The AUD/USD pair prepares to extend losses below the immediate support of 0.6565 as the United States Automatic Data Processing (ADP) reports that employment additions were higher than expectations. The US labor market witnessed an addition of fresh 324K private payrolls, significantly higher than the estimates of 189K but lower than the former release of 497K.
The US Dollar Index (DXY) delivers a breakout of the consolidation formed around 102.10 as upbeat labor market conditions have propelled hopes of one more interest rate hike from the Federal Reserve (Fed).
ADP Employment data set a positive undertone for the US Nonfarm Payrolls (NFP) data for July, which will be published on Friday at 12:30 GMT. According to the estimates, the economic data is seen at 200K, slightly lower than the former reading of 209K. The Unemployment Rate is expected to remain steady at 3.6%. Apart from the employment additions, investors will keenly focus on the Average Hourly Earnings.

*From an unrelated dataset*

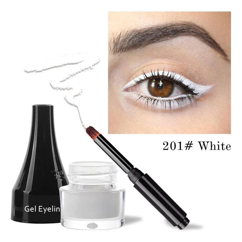 - 【SKIN-FRIENDLY TEXTURE】- This white eyeliner gel has a smooth and delicate texture, giving your skin a soft touch. Strong adhesion, no halo, thick and thin controllable silky waterproof eye-liners, easy to apply and color, natural formula does not irritate the eyes, easy to shape different and charming matte eye-liner makeup.

Expectations state that labor earnings gained at a pace of 0.3% in July, lower than the former pace of 0.4%. The annual data is expected to decelerate to 4.2% against the former release of 4.4%.
On the Australian Dollar front, the Reserve Bank of Australia (RBA) kept interest rates unchanged at 4.1%. RBA Governor Philip Lowe kept doors open for more interest rates as inflation will take time to return to 2% amid a tight labor market. Over the inflation outlook, the central bank forecasted that inflation will return to 2-3% by late 2025.